Issue 528: Guidelines and Protocols for Translating CIDOC CRM
Posted by George on 25/02/2021
With the advent of CIDOC CRM 7.1, a new stable community version (aimed for ISO approval) of the CIDOC CRM is established. This is the occasion for the broader community wishing to implement the standard on a stable basis to invest and engage with a mature ontological specification and text.
A key aspect of this work at the community implementation level is to render the standard in various languages so that it can be studied, appropriated and applied without linguistic barriers by different linguistic and cultural communities around the world.
Towards this end, the task of translation is key and an important intellectual process and product of the CIDOC CRM community in its own right.
The formulation of open, transparent and regular protocols and processes for creating a translation would thus be a crucial groundwork to lay out in order to give the appropriate support and weight to the translation efforts of the CIDOC CRM semantic data community.
At present, a search of the website (using the website search tools) returns only one article regarding translation. It is an issue from 2002 (http://www.cidoc-crm.org/Issue/ID-58-how-to-organize-the-translation-of-the-model) on how to organize the translation of the CIDOC CRM.
It would seem then that there is a need to pick up this issue again and address its various aspects (especially given the phenomenal growth of the CIDOC CRM uptake and the spread of its use to different linguistic communities around the world).

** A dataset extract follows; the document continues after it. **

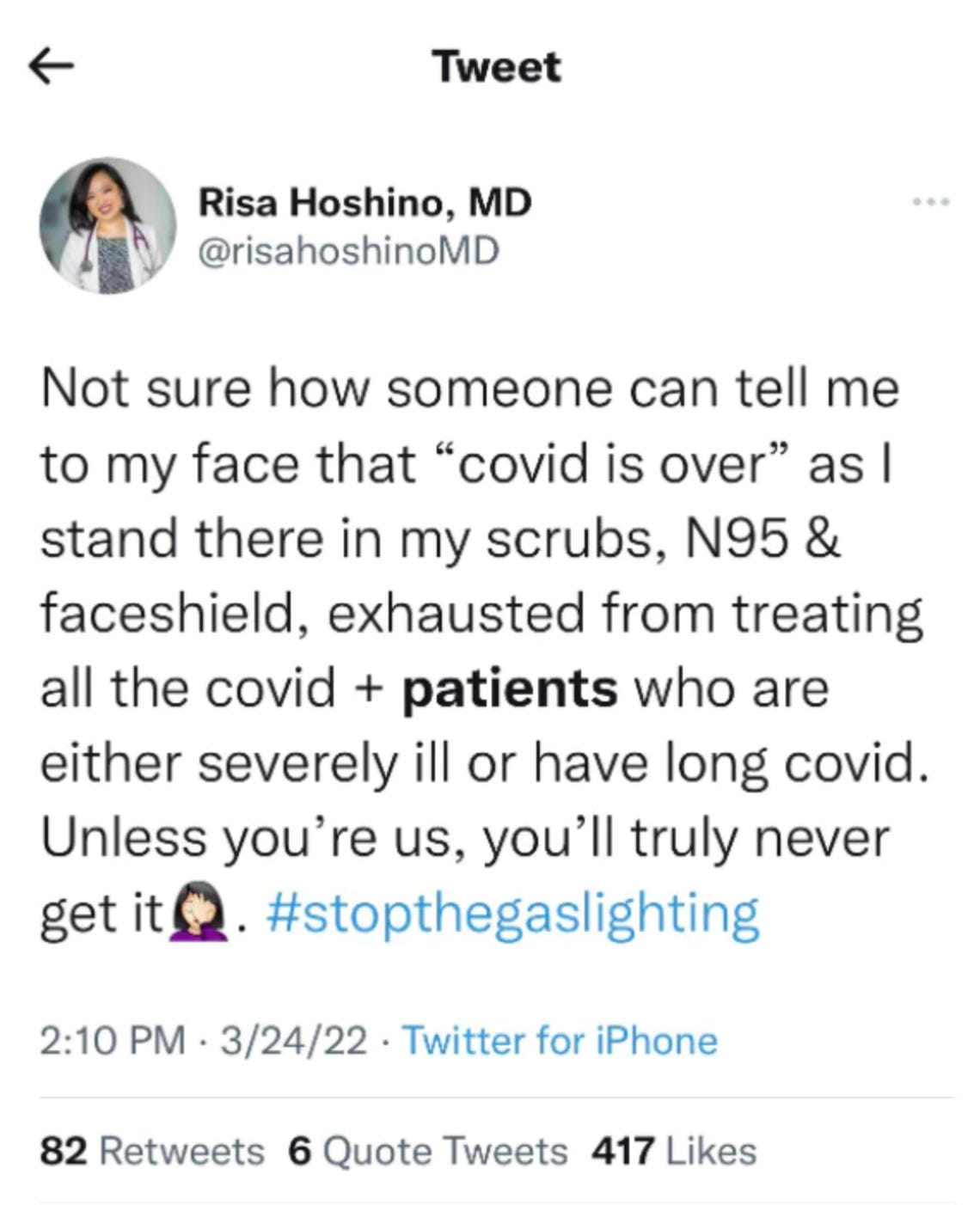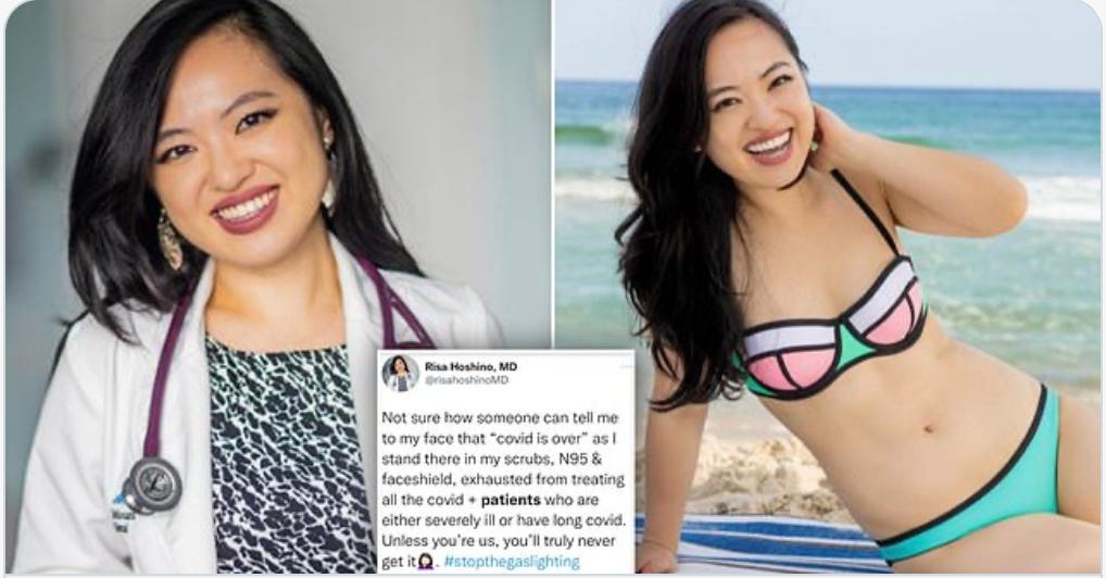 The “expert” in question was Risa Hoshino, MD, who spent most of the pandemic online touting herself as an exhausted frontline health care worker, public health and virus-science expert, and social media warrior. Right up until this month, she has been constantly posting alarming covid fear porn like this March 24th bon mot: “Not sure how someone can tell me to my face that ‘covid is over’ as I stand there in my scrubs, N95 & face shield, exhausted from treating all the covid+ patients who are either severely ill or have long covid. Unless you’re us, you’ll never get it. #stopthegaslighting.”

It seems prudent therefore to communallly create a formulation of guidelines for translation best practice and, separately, open and explicit protocols for submission and acceptance of CIDOC CRM translations, to be developed and put into action by the community.
The spirit of the guidelines and protocols should be to make a transparent space for engaging in this important work and understanding its relation to the overall CIDOC CRM community effort. It should aim to support existing translation efforts and provide an obvious, open and transparent path for additional translation efforts.
Of consideration for inclusion in these guidelines and protocols are the following topics:
Protocol for Starting an Official Translation
Who can start an official translation, are there any preconditions?
Protocol for Accepting an Official Translation
What are the criteria for accepting a translation as official?
When do the translated classes and properties pass into the serializations?
Is there recognition of the translating group in the serialization (for the respective translation element)
Recommended Tools for Supporting Translation
Are there any tools recommended for supporting translation? Any recommended methods?
Networks of Support (Community of Translation Projects)
The translation of the CIDOC CRM is the translation of an aimed for neutral ontological description of CH data. The translation of the standard requires a creative effort to understand and elucidate the conceptual objects specified in the ontology. Given the complexity of this effort involving philosophical, computer science and cultural heritage specific knowledge, the process can be quite challenging. Sharing experiences across language translations may help eludicate problems in understanding the standard or finding useful philosophic correlate expressions in different languages.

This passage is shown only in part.